Other improvisionalists have other rules. For instance, at TEDxVictoria, David Morris offered seven rules.  (10 minute Ted Talk here)

  1. r_davemorrisPlay. The idea of engaging in something just because you like it.
  2. Let Yourself Fail. LET is the key. Failing is easy. The hard part is being okay with it. As soon as you start fearing failure you get trapped in your head. Failing does not make you a failure. Just fail, improvise and start again.
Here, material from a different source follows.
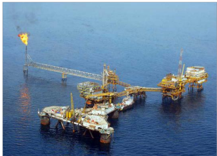
میدان نفتی ابودریه

همه چیز آماده است تا یک آغاز نمادین داشته باشیم و به تهران نشان بدهیم که اتحادیه اروپا به قول و قرارش عمل خواهد کرد.

  3. Listen. Listen with all your being. Most people listen just enough to be able to respond. True listening is the willingness to change. If you are not willing to change based on what someone is saying, you are not listening. You are just letting them talk, before you respond.
  4. Say YES. A series of YES’s will take us somewhere. A single NO shuts down the entire journey.
  5. Say AND. YES-men are great. AND-men are people we want to work with. They say, “Yes, I like your idea!” AND they add to the creation.
  6. Play the Game. Anything that has rules is a game whether that’s playing Monopoly or filling out a job application. Rules free us up to improvise. Restrictions funnel our creative process to a create a product.
  7. Relax and have fun. It will lead to a more enjoyable life.

Improv isn’t about comedy. As David Morris’ pointed out in his Ted talk, MacGyver is one of the great improvisers of our time and he dealt in explosives. Whether you’re trying to save the World, save your ratings or save a segment; learn to improvise.